Olga acusa al juez Samman por su situación, “creo que él podría haber hecho algo antes de que yo no pudiera más”. Y también se anima a pensar que le hubiera hecho falta que la Comisaría de la Mujer de San Pedro hubiera estado abierta para ella, “pero la cerraron por la misma época que me detuvieron”. La misma época, mitad del año 2002, en la que Romina denuncia que fue violada por su vecino. ¿A dónde hubiera denunciado si hubiera tenido la fuerza para hacerlo? ¿En la misma comisaría donde ella soñaba que alguna vez iba ocupar, vestida de uniforme? “Yo quería ser policía –dijo Romina el último miércoles–, pero ya sé que nunca voy a poder serlo. Por esto que estuve detenida ¿no?”, se preguntó antes del final del juicio, soñando con que la detención pronto fuera pasado.
“Yo quisiera que alguien me escuche –dice Olga, desde el penal–, yo le quiero mostrar un recorte de diario que tengo de una chica de Misiones que también mató a su padre, así como yo. Porque yo pienso que también nos podría ayudar que los padres nos dieran más contención, porque, a veces, las chicas no sabemos a dónde pedir que nos ayuden.” En la visita en la que Olga habla, este jueves, su único disco de Los Redondos suena sin parar. Ella acaba de romper una de las pocas remeras que tiene para usarla de soporte para sus pinturas. Eso la calma, la música y los duendes y las hadas que dibuja y que no parecen salir de esa mano marcada por los tatuajes “tumberos” –hechos en la cárcel con elementos precarios– y por los cortes que cada tanto le permiten, al menos, salir del penal para visitar el hospital. “Ya no sé qué hacer, porque nunca me llaman del juzgado, mi abogada no me visita. Hace una semana, después de que se ahorcó una compañera –Sonia Sequeiro, de 25, quien pocos días antes había hecho otro intento de suicidio– me tragué unos vidrios para que el juez me llame.

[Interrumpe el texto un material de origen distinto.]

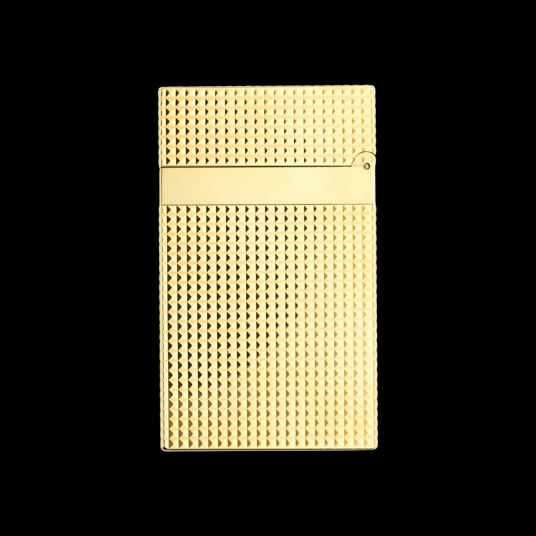 Double flame yellow lighter. Decorated with the iconic house pattern: diamond tip and plated in yellow gold. Featuring the famous “Cling” when opening. Associated lighter stone: black (REF 900600). Associated gas refill: yellow (REF 900432). Lighter delivered empty of gas, refill sold separately.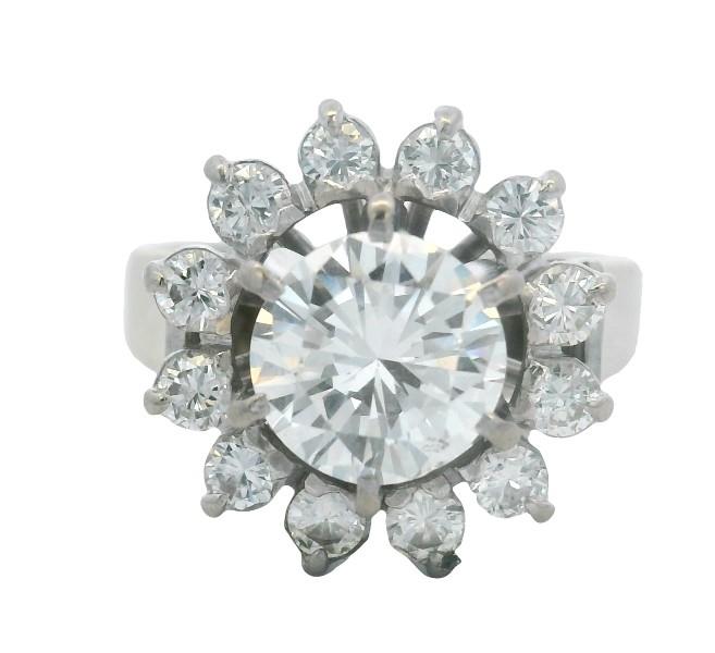 AN 18K W.G VINTAGE STYLED DIAMOND CLUSTER RING TOTALLING 2.05CT, SIZE: L, WEIGHING 6GRAMS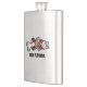 The product is a good size and came exactly as it was pictured. The lid is not attached to the flask, which could be dangerous on drunken nights... The print came out surprisingly well and looks very sharp. Would definitely recommend.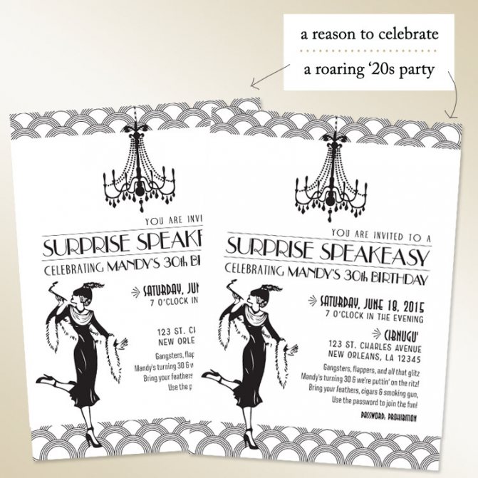 То есть приглашение на вечеринку в стиле Гэтсби, если ратовать за достоверность, это полная противоположность шикарной обстановке! Но вместе с тем оно элегантно – дорогая бумага, именной штамп, аккуратный почерк. Готовая идея, остается лишь купить перьевую ручку.

Y me llamó, pero a veces, no entiendo lo que me dicen.”
Ahora, Olga y Romina ya no comparten el pabellón. Tal vez un resto de resentimiento por lo acompañada que está la segunda, tal vez porque Olga apenas puede encontrar un sentido al sinfín de días que lleva encerrada sin que haya por delante un horizonte cierto. Romina dice que lo único que la salva cuando está muy triste es “escribir cartas, como la que las mujeres han leído, ¿usted las leyó?”, pregunta con su voz infantil. Olga también escribe, poemas a veces, palabras que quedan bajo su piel, otras tantas. Entre cicatriz y cicatriz, en su antebrazo derecho tiene tatuado un sol. “Es el que algún día tiene que salir para mí.”